In a blog post today, Microsoft announced an update to Face API that improves the facial recognition platform’s ability to recognize gender across different skin tones, a longstanding challenge for computer vision platforms.
With the improvements, the Redmond company said, it was able to reduce error rates for men and women with darker skin by up to 20 times, and by 9 times for women.
For years, researchers have demonstrated facial ID systems’ susceptibility to ethnic bias. A 2011 study found that algorithms in China, Japan, and South Korea had more trouble distinguishing between Caucasian faces than faces of East Asians, and a separate study showed that widely deployed facial recognition tech from security vendors performed 5 to 10 percent worse on African American faces.
To tackle the problem, researchers at Microsoft revised and expanded Face API’s training and benchmark datasets and collected new data across skin tones, genders, and ages. It also worked with experts in artificial intelligence (AI) fairness to improve the precision of the algorithm’s gender classifier.
“We had conversations about different ways to detect bias and operationalize fairness,” Hanna Wallach, senior researcher at Microsoft’s New York research lab, said in a statement. “We talked about data collection efforts to diversify the training data. We talked about different strategies to internally test our systems before we deploy them.”

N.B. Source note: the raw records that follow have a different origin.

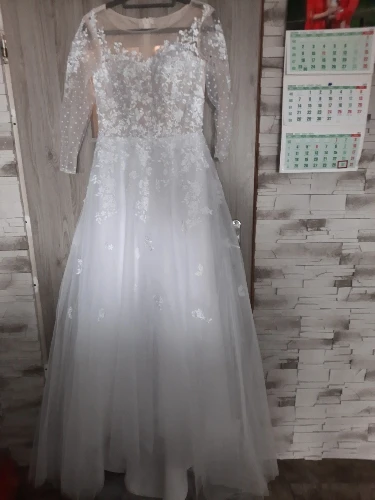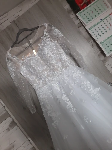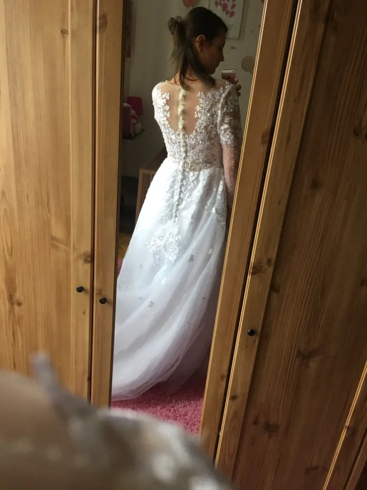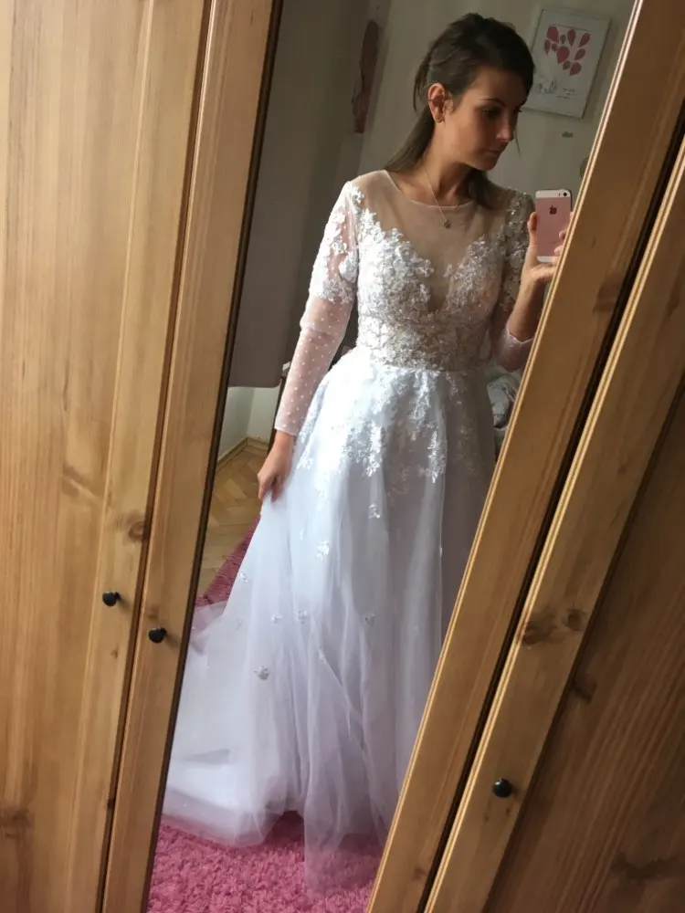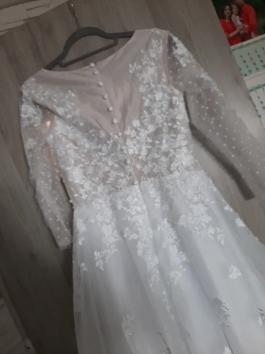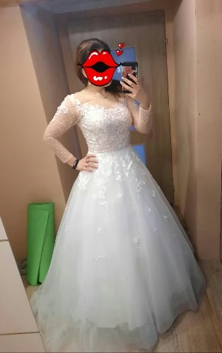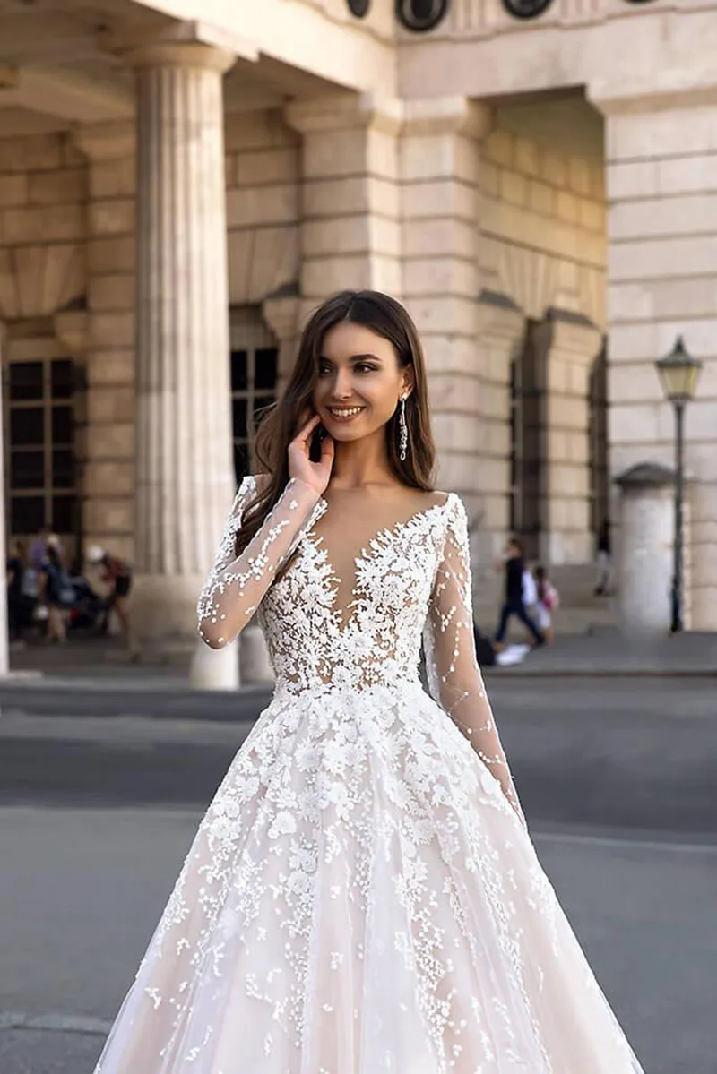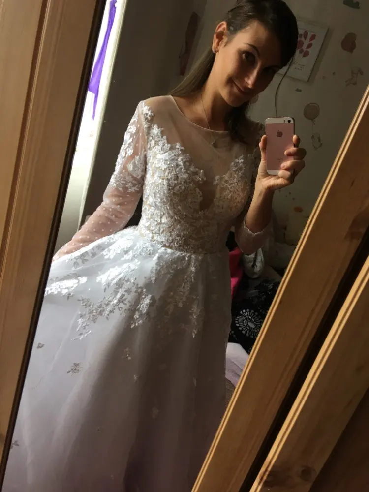 Свадебное платье с длинным рукавом, круглым вырезом и аппликацией и...
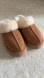 UGG slippers with soft brown suede. Cream plush lining for warmth.
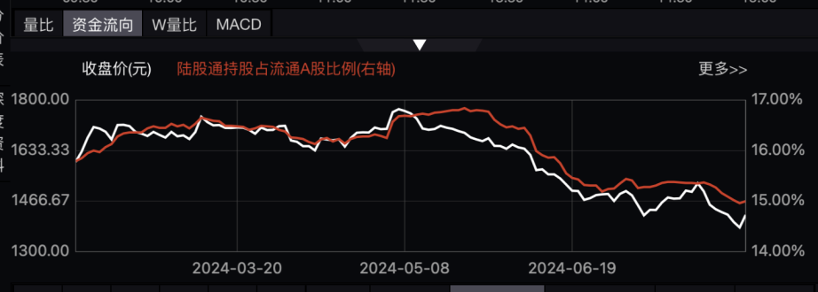 不过,针对贵州茅台,目前市场存在较大分歧。伴随股价调整,部分资金撤离。例如,自五月以来,北向资金持有贵州茅台占据流通A股的比例下降。
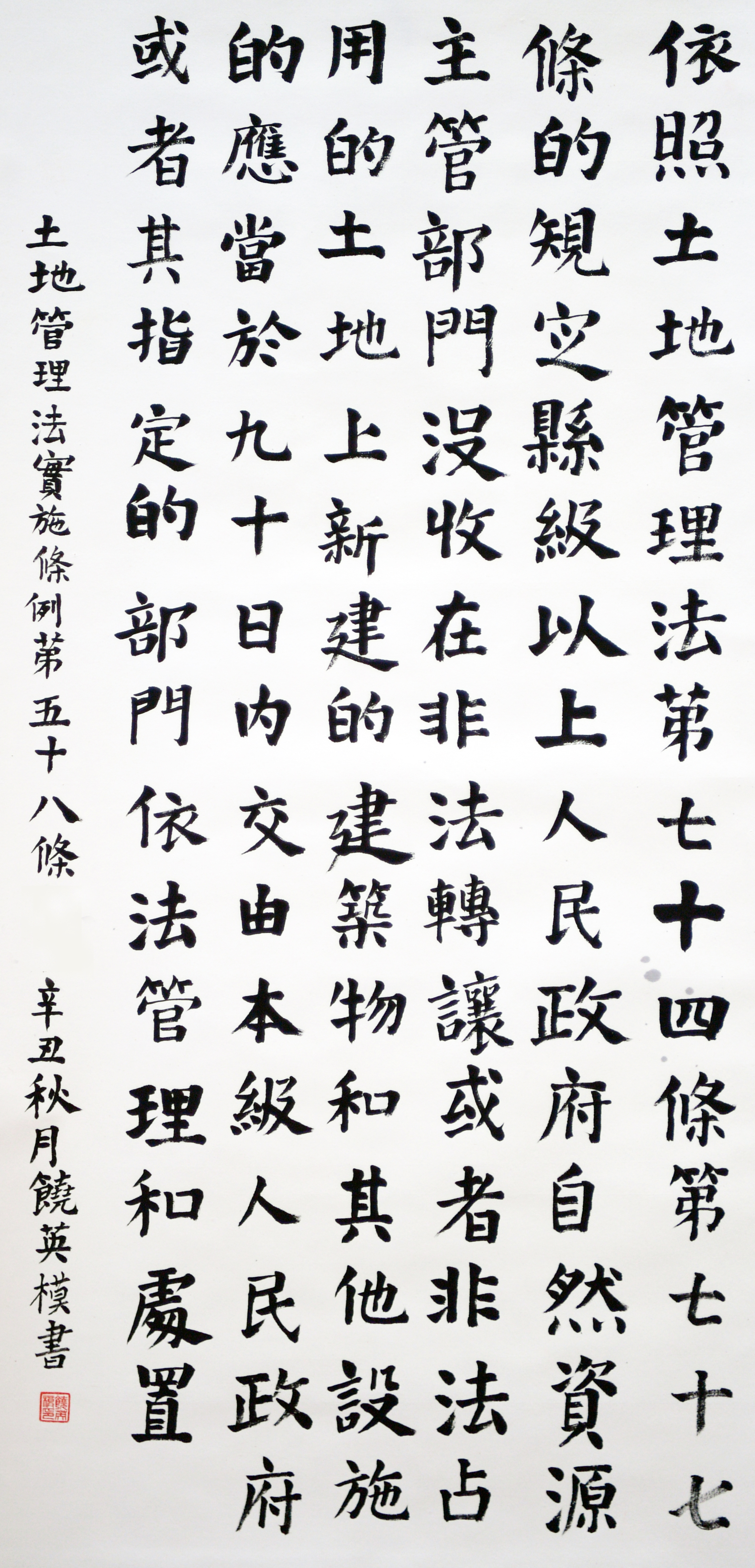 繼1600余位書(shū)法家參與書(shū)寫(xiě)《中華人民共和國(guó)民法典》全部1260條法條之后,法治日?qǐng)?bào)社聯(lián)合自然資源部法規(guī)司、自然資源部書(shū)畫(huà)研究會(huì)和北京昌平書(shū)法家協(xié)會(huì),將筆端對(duì)準(zhǔn)土地管理“一法一條例”,即《中華人民共和國(guó)土地管理法》和《中華人民共和國(guó)土地管理法實(shí)施條例》。

The enhanced Face AI tech is just the start of a company-wide effort to minimize bias in AI. Microsoft is developing tools that help engineers identify blind spots in training data that might result in algorithms with high gender classification error rates. The company is also establishing best practices for detecting and mitigating unfairness in the course of AI systems development, according to the blog post.
More concretely, Microsoft’s Bing team is collaborating with ethics experts to explore ways to surface search results that reflect “the active discussion in boardrooms, throughout academia and on social media about the dearth of female CEOs.” Microsoft notes that less than 5 percent of Fortune 500 CEOs are women and that web search results for “CEO” largely turn up images of men.
“If we are training machine learning systems to mimic decisions made in a biased society, using data generated by that society, then those systems will necessarily reproduce its biases,” Wallach said. “This is an opportunity to really think about what values we are reflecting in our systems, and whether they are the values we want to be reflecting in our systems.”
Microsoft isn’t the only company attempting to minimize algorithmic bias. In May, Facebook announced Fairness Flow, which automatically warns if an algorithm is making an unfair judgment about a person based on his or her race, gender, or age. Recent studies from IBM’s Watson and Cloud Platforms group have also focused on mitigating bias in AI models, specifically as they relate to facial recognition.